Hey, wait. This did not go the way it was supposed to go. The storyline I had worked out called, predictably, for the home team to come out stormin' behind the throaty, white-clad crowd. They'd knock an early goal in against the Flyers, then as the Flyers opened things up to try to get back to square, the Penguins would get a second goal. Biron and the guys playing in front of him would think back to last year's Game Five, a 6-0 beatdown, and they'd wilt. By 9:30 there would be a handshake line at center ice and I'd be turning over to the third period of the Jersey-Carolina game to do a little advance scouting.
Well, the Penguins got the "come out stormin'" part right for the first twenty minutes. They threw fifteen shots at Martin Biron and played their best period since Game One. They won faceoffs and battles along the boards, stayed out of the penalty box and created some sustained pressure. In fact, they did everything but score. Biron inverted the Game Four storyline and played out of his mind. On their first power play, Sid won three offensive-zone draws and the Penguins got off five quality shots, but Biron turned them all away. As has been the case, the Staal-Kennedy-Cooke line played the best of the Penguins' lines at even-strength, and at one point in the first period Kennedy and Staal were alone behind the net with the puck. Biron expected Staal to come out on one side of the net and shaded over, only to have Kennedy take the puck the other way and peel around for a wrap-around. Biron was hung out to dry, and the puck would have been behind him and off the back of the net and back out before he had a chance to take his eyes of Jordan Staal. Winning the first goal battle has been, for all practical purposes, like winning the game in this playoff year. And it was right there for the taking. And then it was still right there, as the pitch was so fat that Kennedy got the yips and shot before his stick had cleared the post. His shot glanced harmlessly off the side of the net, and the dream was deferred.

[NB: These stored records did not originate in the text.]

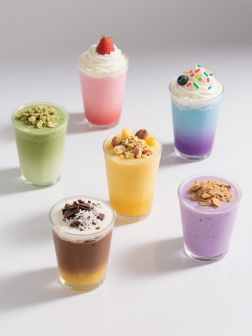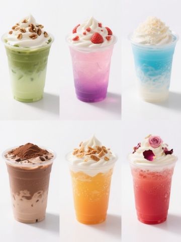 一组6个完全不同造型的同系列饮品素材集合,每个饮品均为透明塑料杯盛装,保持高清晰度、明亮光线、白色背景的写实摄影风格,整体规整排布。第一个饮品为芒果椰奶冰沙,顶部堆满金黄芒果块并撒有椰蓉,杯身呈现渐变橙黄色,内含芒果果肉和椰奶分层;第二个为蓝莓芝士奶盖茶,顶部是厚实的奶盖并撒有蓝莓碎,杯身是深蓝色渐变,底部有蓝莓果肉沉淀;第三个为抹茶红豆冰沙,顶部放置抹茶冰淇淋球和红豆粒,杯身呈清新绿色,内含红豆颗粒和奶油纹路;第四个为葡萄乳酸菌饮品,顶部有整颗青提装饰,杯身是淡紫色渐变,液体中漂浮着葡萄果肉和气泡;第五个为凤梨椰香冰沙,顶部是烤凤梨片和薄荷叶,杯身呈淡黄色,内含凤梨果肉和椰奶分层;第六个为巧克力可可冰沙,顶部堆满巧克力碎和可可粉,杯身是深棕色渐变,液体中可见巧克力酱纹路和冰块。所有饮品均有明显的冰爽质感,杯壁有水珠效果,整体色彩鲜艳且每个造型各具特色,统一在白色背景上整齐排列成系列素材。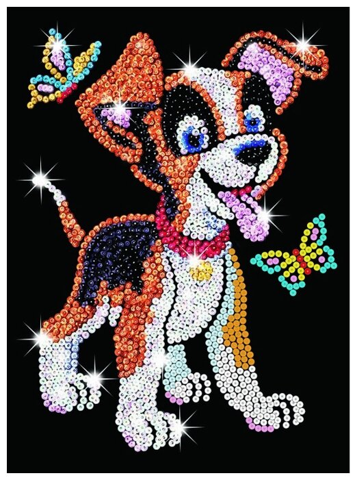- Подробная комплектация основа из пенопласта,лист бумаги с нанесенной картинкой, булавки, разноцветные блестки, инструкция
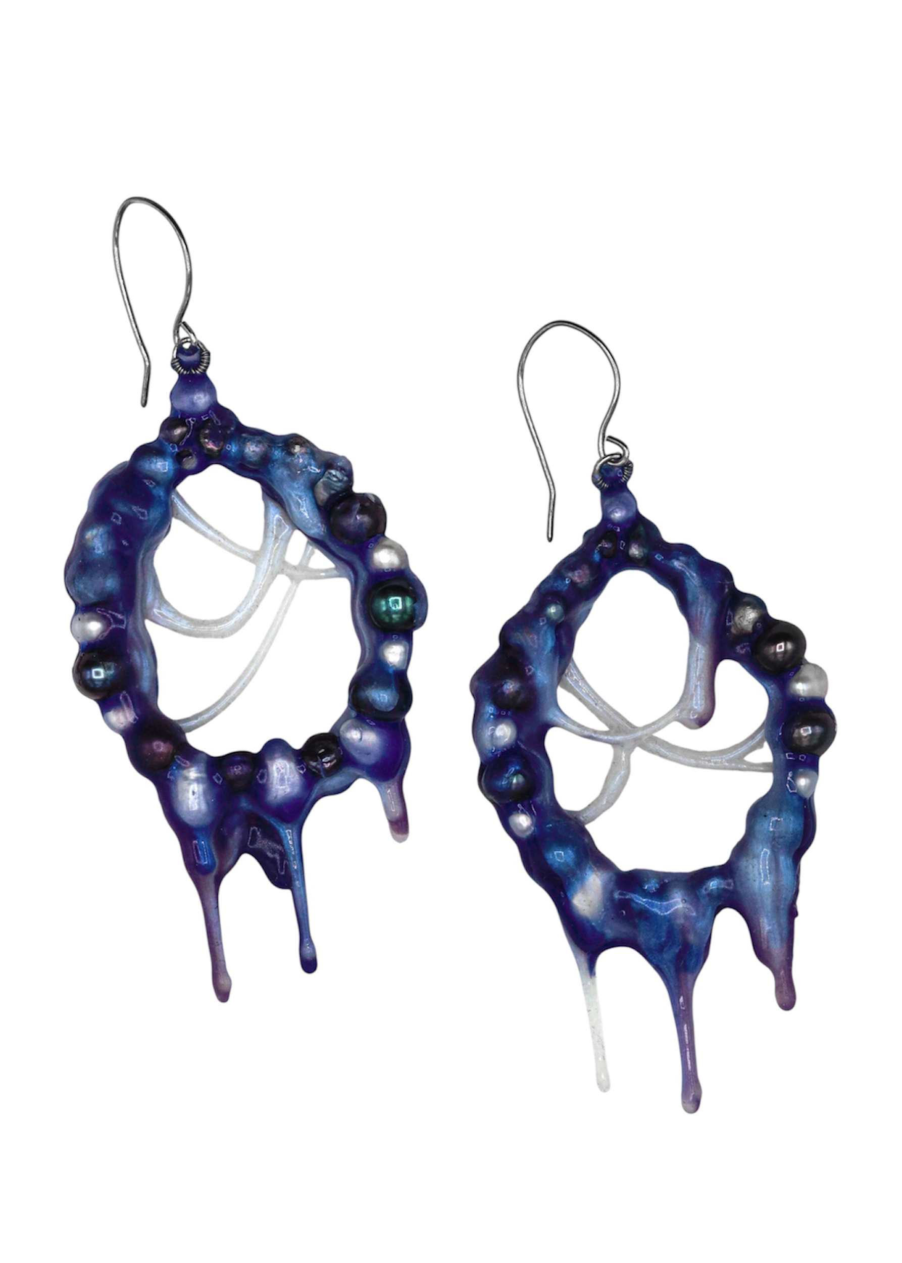 A pair of tear-drop shaped black and white freshwater pearl earrings, drenched in indigo and iridescent blue silicone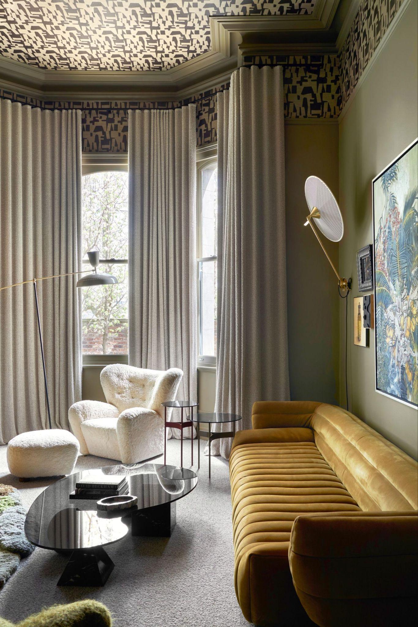Thay vì sơn hay ốp gỗ, việc sử dụng vải để bọc trần mang lại cảm giác êm ái và sang trọng khó tả. Tại một công trình ở Melbourne, nhà thiết kế Simone Hagg đã khéo léo phủ lên trần nhà và phần viền tường lớp vải tông màu khói nhẹ nhàng. Những họa tiết hình học in nổi trên bề mặt vải vừa đóng vai trò trang trí, vừa tạo chiều sâu thị giác, giúp căn phòng đạt được sự cân bằng hoàn hảo về thẩm mỹ.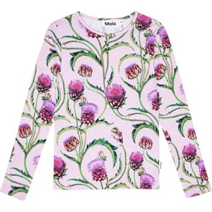 Lilla langærmet bluse i økologisk bomuld. Blusen er tætsiddende med rund hals, samt et alloverprint af artiskokker i røde, lilla og grønne nuancer.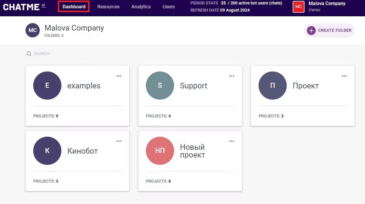 Вкладка Dashboard (Страница Папок)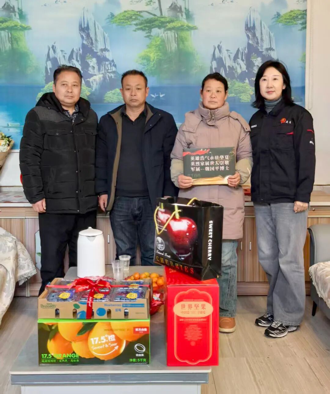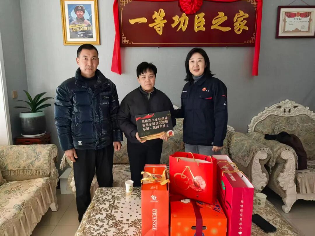 慰问当日,公司代表身着整洁工装,带着魏国平博士亲嘱的深情厚谊与精心准备的新春祝福,来到烈士家中。他们与烈士家属亲切交谈,细致询问他们的身体状况、生活情况以及年货准备,聆听他们回忆英雄生前的点滴,气氛庄重而温馨。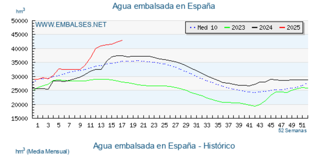 Sea como fuere, "hemos tenido mucha suerte porque teníamos los embalses llenos. Si no, hubiera costado mucho más salir del apagón" añade. En el siguiente gráfico se observan los buenos datos de agua embalsada de lo que llevamos de año por semanas y su comparativa con los dos años anteriores.

There's no TK-dissing here. He's consistently been the best wing skating for the Penguins in this series. And if he didn't have such great chemistry with Staal and Cooke, I'd say he's earned time skating alongside either Crosby or Malkin.
Things fell apart from the start of the second period onward. I was liberated from sitting through the second, and as a result missed the Flyers' first goal and the disallowed tying goal that Evgeni Malkin kicked in. Apparently some piece of equipment in Atlanta was struck by lightning, and it killed the cable and satellite feed for forty-five minutes or so.
And so the series goes back to Philadelphia. Dan Bylsma, regrettably, has to figure out not only how to get a better effort out of his team, but also has to fall on his sword and reverse his lineup changes. Hey, I was all for doing something to prod Petr Sykora back to relevance, but I still can't understand scratching Kris Letang for Philip Boucher. Letang took a slash in Tuesday's game, but he wasn't replaced for injury reasons; he'd finished the last couple of games at -1, and when he got into a few late regular-season games, Boucher had a lot of success at getting shots from the point through traffic and onto the net. But it's tough for defensemen, even veterans, to get thrown midseries into the speed of playoff hockey, and Boucher brought home a -2 and direct responsibility for the Flyers' second goal when he tried to pass the puck out of the defensive zone rather than merely clearing it, and the resultant picked-off pass was sent over to the Flyers' Claude Giroux, who sent it into the net. A 1-0 third-period deficit is tough to overcome as it is, but 2-0 is pretty well insurmountable. Plus, this makes two years in a row that Letang has been scratched in the playoffs. His performance in the past has been up-and-down in proportion to his confidence, so undermining him at this point wasn't Disco Dan's best move.